Both functions and versioninfo() given below:

function pi_1()
    mysum = 0.0
    factor=1.0
    k=0
    
    for k=collect(0:N-1)
        factor = k % 2 == 0 ? 1.0 : -1.0
        mysum += factor/(1+(k+k))
    end
    4*mysum
end

function pi_2(nterms)
    mysum = 0.0
    factor=1.0
    k=0
    
    for k=collect(0:nterms-1)
        factor = k % 2 == 0 ? 1.0 : -1.0
        mysum += factor/(1+(k+k))
    end
    
    4*mysum
end
versioninfo()
Julia Version 1.10.8
Commit 4c16ff44be8 (2025-01-22 10:06 UTC)
Build Info:
  Official https://julialang.org/ release
Platform Info:
  OS: Linux (x86_64-linux-gnu)
  CPU: 12 × 12th Gen Intel(R) Core(TM) i5-1235U
  WORD_SIZE: 64
  LIBM: libopenlibm
  LLVM: libLLVM-15.0.7 (ORCJIT, alderlake)
Threads: 1 default, 0 interactive, 1 GC (on 12 virtual cores)

From what I understand, the global variable ‘N’ is read only once by collect() inside function pi_1(). What may cause this difference in memory behaviour ?

With N being a (non-const) global variable, the compiler can make no assumptions about what type it will be and it means that it must generate code defensively that can handle any type via indirections. What is worse is that this cascades; it doesn’t know what type 0:N-1 will be, neither what collect(0:N-1) will be and thus it doesn’t know what type k is inside the loop. As a consequence factor and mysum, as well as all subexpressions inside the loop must be compiled to something that can handle any types of values. This works and is resolved at runtime, but at the cost of time and memory, which is why you see so many allocations when type instabilities occur inside a hot loop.

4 Likes

While in this case you should just not use a global (and an untyped one, especially), one can limit these “instability cascades” using a function barrier.

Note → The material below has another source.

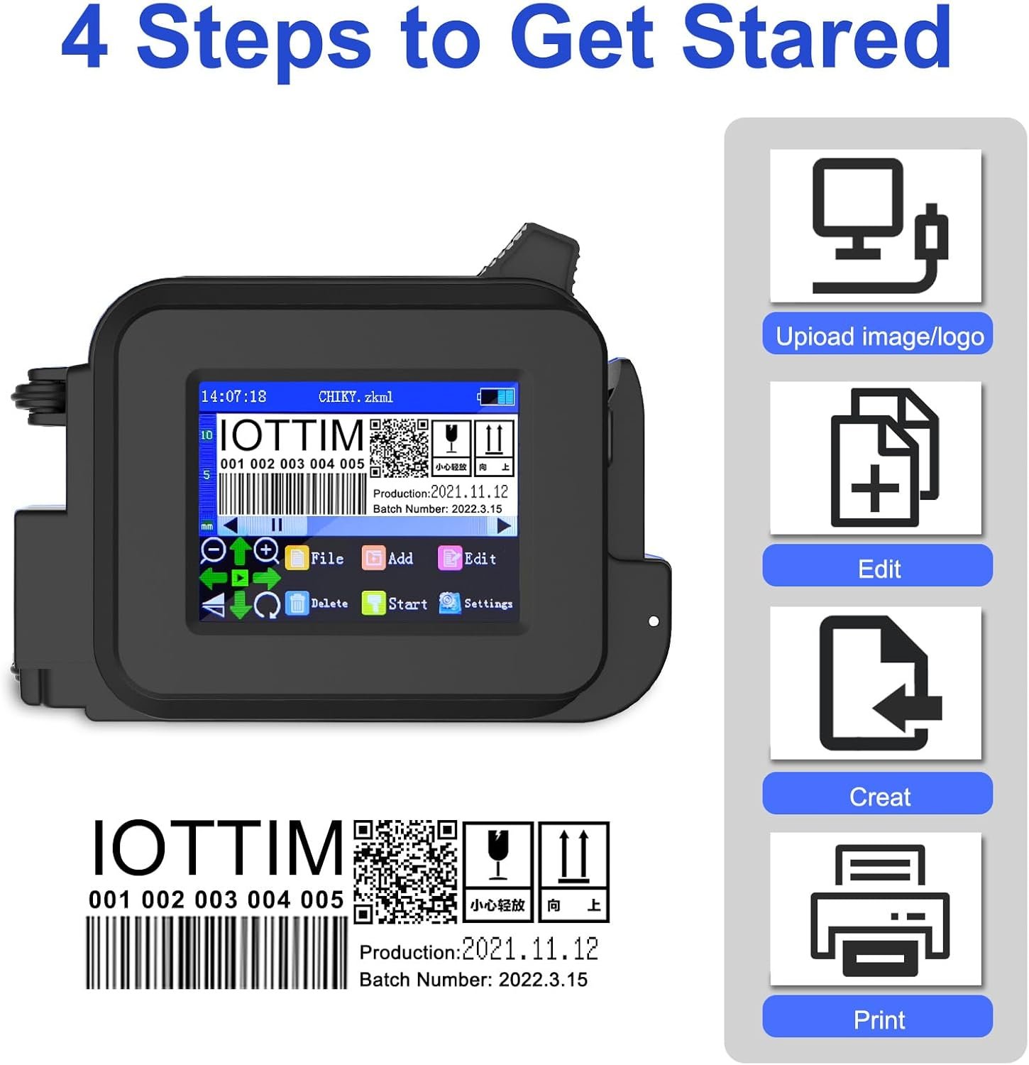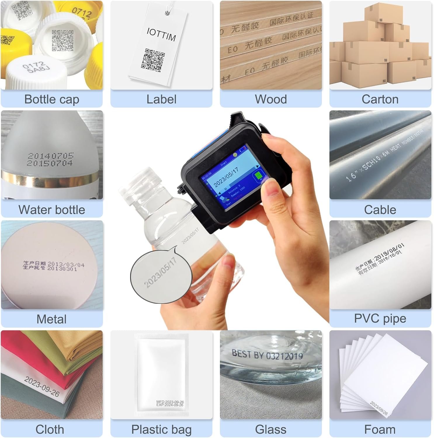 Print contet and material: text printing, label, nubers, QR code, barcode, production date, time, logos on the surface of paper, metal, glass, plastic, fabric, boards, cardboard, stone, pipe, cable, etc. directly. Comes with an alignment plate to pinpoint the location of contents, even uneven or even curved surfaces can be quick and effective.

In this case, the function barrier is as simple as defining another function pi_3() = pi_2(N). Even though N is an unknown global, the function dispatcher takes a look at it inside of pi_3 and calls pi_2 with the type of that global. pi_2, as always, is compiled for the specific type of N so does not have internal instability from accessing the global (though pi_3 still might not know what it returns and that instability would continue to propagate in pi_3 and possibly out its return type, so the global can still cause type instability at higher levels). This use of “dynamic dispatch” costs a little bit up front, but calling the outer function with an unknown type can be an improvement when it avoids a runtime dispatch in every expression of the inner function.